CrudVision - Lisa Seelye

May 11, 2008

Graphing Hard Disk Temperatures with rrdtool (part 2)

Filed under: gentoo, graphs, monitoring, rrdtool, ruby — Lisa Seelye @ 5:03 pm

Last month I made a post about using rrdtool and ruby to graph hard disk temperatures. I recently had some hardware trouble and something with permissions went crazy. Today I took the time to look into the problem and fix it.

The /dev/hd[egik] device nodes were owned by root:disk and 660. However, the hddtemp binary was trying to do some restricted ioctl operations. Even though the binary was setuid and my non-root user was in the disk group I couldn’t access the disk to get the temperatures.

I found out that there is a hddtemp daemon which can query the disks for my unpriveleged user.

The daemon listens on a TCP port and provides output like this:

|/dev/hde|ST3160811AS|39|C||/dev/hdg|ST3160811AS|40|C||/dev/hdi|ST3160811AS|38|C||/dev/hdk|ST3160815AS|39|C|

Should be easy to modify my disk_temperature.rb to connect to that port and parse the data.

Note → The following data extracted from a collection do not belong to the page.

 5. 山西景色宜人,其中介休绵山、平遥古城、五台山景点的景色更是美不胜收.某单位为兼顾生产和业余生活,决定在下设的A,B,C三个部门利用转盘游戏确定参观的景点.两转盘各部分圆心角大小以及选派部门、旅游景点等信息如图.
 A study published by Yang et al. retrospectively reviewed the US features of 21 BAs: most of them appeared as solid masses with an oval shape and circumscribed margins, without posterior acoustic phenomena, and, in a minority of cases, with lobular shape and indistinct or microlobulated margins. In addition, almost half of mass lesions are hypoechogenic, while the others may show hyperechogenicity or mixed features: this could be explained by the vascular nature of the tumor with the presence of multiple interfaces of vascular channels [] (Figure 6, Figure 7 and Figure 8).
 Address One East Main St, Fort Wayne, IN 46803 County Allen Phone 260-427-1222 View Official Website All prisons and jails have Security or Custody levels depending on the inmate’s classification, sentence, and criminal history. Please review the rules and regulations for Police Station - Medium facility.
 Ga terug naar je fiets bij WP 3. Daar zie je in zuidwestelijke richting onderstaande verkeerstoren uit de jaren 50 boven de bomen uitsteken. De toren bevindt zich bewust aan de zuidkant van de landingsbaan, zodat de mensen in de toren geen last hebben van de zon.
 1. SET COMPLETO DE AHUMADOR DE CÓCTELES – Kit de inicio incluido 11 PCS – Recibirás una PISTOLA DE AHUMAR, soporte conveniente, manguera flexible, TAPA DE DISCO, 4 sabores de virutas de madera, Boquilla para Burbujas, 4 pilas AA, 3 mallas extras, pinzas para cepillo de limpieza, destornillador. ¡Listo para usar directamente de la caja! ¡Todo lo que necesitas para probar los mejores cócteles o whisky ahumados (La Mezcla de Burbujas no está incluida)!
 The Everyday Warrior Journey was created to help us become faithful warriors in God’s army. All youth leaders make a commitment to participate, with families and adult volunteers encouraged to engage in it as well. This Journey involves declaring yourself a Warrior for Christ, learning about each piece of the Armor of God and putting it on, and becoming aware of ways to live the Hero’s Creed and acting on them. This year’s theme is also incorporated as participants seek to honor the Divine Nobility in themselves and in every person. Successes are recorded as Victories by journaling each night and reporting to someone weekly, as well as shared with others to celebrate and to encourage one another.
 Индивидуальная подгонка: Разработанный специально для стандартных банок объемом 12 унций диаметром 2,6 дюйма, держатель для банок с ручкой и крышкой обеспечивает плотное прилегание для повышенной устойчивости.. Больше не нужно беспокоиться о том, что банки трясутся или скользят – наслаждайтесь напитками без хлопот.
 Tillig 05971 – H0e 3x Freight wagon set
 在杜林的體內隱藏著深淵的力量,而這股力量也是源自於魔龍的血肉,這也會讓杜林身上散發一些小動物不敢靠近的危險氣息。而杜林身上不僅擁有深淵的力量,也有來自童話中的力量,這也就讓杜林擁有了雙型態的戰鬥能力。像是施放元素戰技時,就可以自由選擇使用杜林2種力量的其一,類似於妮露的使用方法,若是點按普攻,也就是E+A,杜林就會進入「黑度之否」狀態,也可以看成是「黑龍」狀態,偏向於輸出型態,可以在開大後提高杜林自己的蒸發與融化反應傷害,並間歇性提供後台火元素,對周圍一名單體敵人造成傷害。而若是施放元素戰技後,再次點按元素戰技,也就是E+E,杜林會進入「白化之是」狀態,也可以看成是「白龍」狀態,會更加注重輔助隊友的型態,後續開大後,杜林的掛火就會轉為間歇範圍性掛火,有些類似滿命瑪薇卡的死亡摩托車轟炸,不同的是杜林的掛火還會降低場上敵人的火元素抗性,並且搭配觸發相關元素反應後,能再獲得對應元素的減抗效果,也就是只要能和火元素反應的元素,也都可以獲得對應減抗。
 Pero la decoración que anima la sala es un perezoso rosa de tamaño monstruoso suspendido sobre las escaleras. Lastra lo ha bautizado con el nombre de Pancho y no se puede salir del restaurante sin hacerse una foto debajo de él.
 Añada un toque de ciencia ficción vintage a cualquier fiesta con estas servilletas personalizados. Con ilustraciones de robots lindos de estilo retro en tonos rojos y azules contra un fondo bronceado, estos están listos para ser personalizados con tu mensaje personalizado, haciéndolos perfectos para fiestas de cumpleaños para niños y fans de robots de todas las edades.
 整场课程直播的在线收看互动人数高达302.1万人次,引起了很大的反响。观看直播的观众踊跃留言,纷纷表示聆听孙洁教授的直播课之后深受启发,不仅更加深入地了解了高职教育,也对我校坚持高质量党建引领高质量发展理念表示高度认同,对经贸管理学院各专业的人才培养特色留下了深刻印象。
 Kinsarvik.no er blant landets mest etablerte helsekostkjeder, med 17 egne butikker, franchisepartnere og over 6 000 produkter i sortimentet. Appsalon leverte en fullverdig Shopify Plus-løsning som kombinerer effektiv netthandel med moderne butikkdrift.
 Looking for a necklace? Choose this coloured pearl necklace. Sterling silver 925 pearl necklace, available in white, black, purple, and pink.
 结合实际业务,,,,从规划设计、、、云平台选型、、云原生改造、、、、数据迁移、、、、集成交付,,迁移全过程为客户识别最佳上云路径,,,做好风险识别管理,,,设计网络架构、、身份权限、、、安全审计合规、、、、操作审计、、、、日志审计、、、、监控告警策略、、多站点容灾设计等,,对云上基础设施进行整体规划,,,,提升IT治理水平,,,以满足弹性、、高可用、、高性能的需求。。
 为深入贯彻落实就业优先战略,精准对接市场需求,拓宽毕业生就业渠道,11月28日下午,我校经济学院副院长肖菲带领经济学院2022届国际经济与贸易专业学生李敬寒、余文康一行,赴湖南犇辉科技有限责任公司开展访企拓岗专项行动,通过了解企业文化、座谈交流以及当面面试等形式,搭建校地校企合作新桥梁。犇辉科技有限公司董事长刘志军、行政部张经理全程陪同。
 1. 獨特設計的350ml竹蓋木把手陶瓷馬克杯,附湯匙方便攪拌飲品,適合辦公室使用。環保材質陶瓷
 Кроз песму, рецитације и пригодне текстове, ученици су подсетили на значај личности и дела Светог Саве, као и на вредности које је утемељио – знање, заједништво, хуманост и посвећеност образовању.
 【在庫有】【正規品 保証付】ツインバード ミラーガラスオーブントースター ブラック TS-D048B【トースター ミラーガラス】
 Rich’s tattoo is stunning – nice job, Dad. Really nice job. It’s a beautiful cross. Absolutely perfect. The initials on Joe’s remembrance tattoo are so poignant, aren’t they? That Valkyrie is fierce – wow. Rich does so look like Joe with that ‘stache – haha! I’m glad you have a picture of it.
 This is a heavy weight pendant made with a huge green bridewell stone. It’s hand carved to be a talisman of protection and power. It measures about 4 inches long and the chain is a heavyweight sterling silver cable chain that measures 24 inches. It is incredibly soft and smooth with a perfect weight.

Now my temperature graphs will have new data (as soon as the change is made).

April 12, 2008

Graphing hard disk temperatures with rrdtool and Ruby

Filed under: graphs, linux, monitoring, rrdtool, ruby — Lisa Seelye @ 2:27 pm

Since I got to North America I have wanted to put my system under better monitoring. It’s got four active hard disks (and a fifth powered, not active) hard disk in an IcyDock MB-455SPF 5-Bay Internal SATA Drive Enclosure (Manufacturer site, icydock.com, seems offline so link to where I bought it!) with the four active disks plugged into a HighPoint RocketRaid 1640 SATA controller.

I can easily use S.M.A.R.T. to monitor the temperature and the hddtemp Linux utility to get the temperatures of the disks.

It’s easy to use a crontask to poll the disks and to stuff the temperatures into an rrdtool database. I drew much inspiration from Martin Pot’s Perl script to do the same thing but implemented my own in a Ruby Rake task using the woefully undocumented RubyRRDtool gem and a custom hddtemp wrapper class to get the temperatures.

The similarities between my Rake task and Martin’s RRDtool-fu is obvious, however I wanted an hour graph too and so I added it in on line 17.

My next task is to combine the temperatures (lines) of all four disks into a single graph to get a feel for the overall temperature of the disks on one image.

The graphs can be seen at my personal website.